Victoria Police estimated 4000 people attended a protest rally in the CBD on Saturday with six police injured in clashes with protesters while 218 protesters were arrested and 236 people fined.

Dr Parnis said he hoped Victoria’s lockdown would soon stop the growth in numbers but he urged eligible people to get vaccinated.

“The problem that we have in common is that we are dealing with a virus that is significantly more infectious than last year. That’s the downside,” Dr Parnis said.

“The upside is that we are getting a more and more significant proportion of the population vaccinated and protected every single day. As far as Sydney goes, if we did not have anyone vaccinated, the number of people getting infected, being in hospital, dying, would be a fair bit higher than it is at the moment.

“That’s really an incentive for accelerating rates of vaccination to increase. And not just in Sydney and Melbourne, but across the entire nation. We haven’t got a day to lose.”

Dr Parnis said it would take time for data to become available on how children handled the vaccines and that could slow returning to a more normal life.

“It’s not going to be what it was two years ago,” he said.

“We cannot achieve, with vaccination alone, the protection of the entire community that we would like, and that we have seen with infectious diseases such as measles over the years.

“So the way that I would envisage restrictions being eased would be quite slow, gradual, obviously linked to rates of vaccination, but also linked to the way that cases are presenting to hospital.

“My colleagues know that next year the vast majority of patients we will be seeing in hospitals, very sick with COVID, are the unvaccinated.

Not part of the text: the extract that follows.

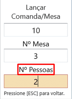 - Solicitar Quantidade de Pessoas ao Abrir Comanda: Habilita a opção de inserir quantidade de pessoas que estão dividindo a mesma comanda.
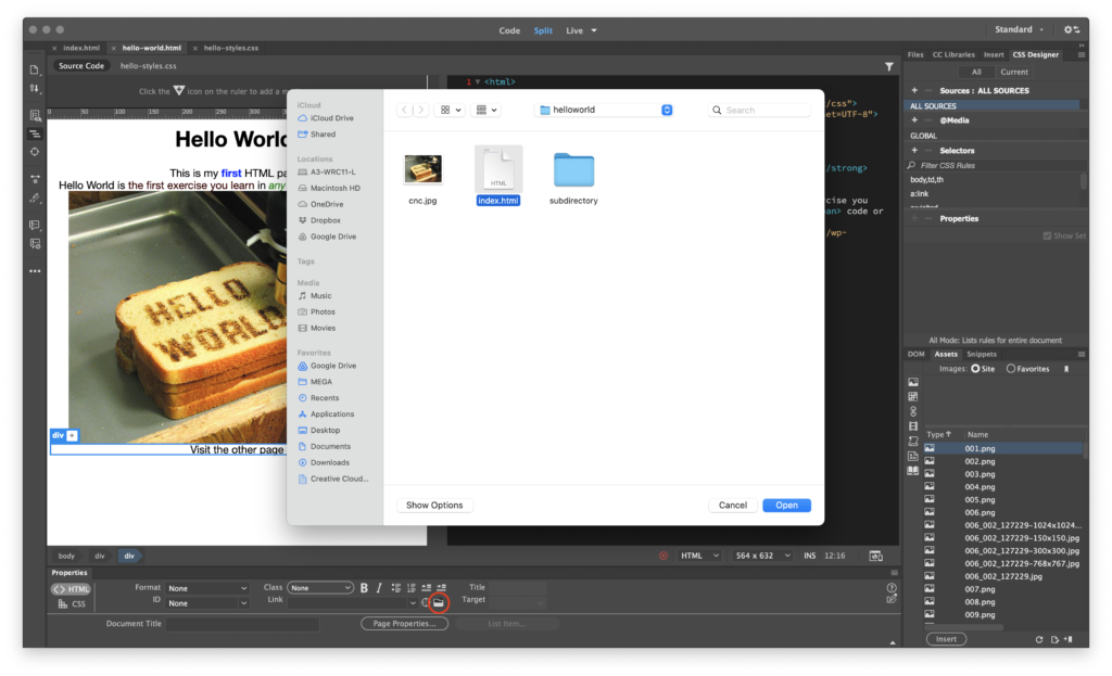 Start in the hello-world.html file. Highlight the Visit the other page text, and in the Properties Palette, find the folder icon to the right of the Link field and click on it to open a navigation dialog box. Use this to find and select the index.html file, then click Open.

Now is the time to prevent that.

“Obviously, the next step is to get 12-year-olds to 15-year-olds into the vaccination process. But we’ve got to wait for defensible, safe and thorough data from overseas to make sure that we do have a regime that is safe for children because their immune responses are different to adults, and we’ve got to make sure that there is a benefit that far outweighs any potential risk.”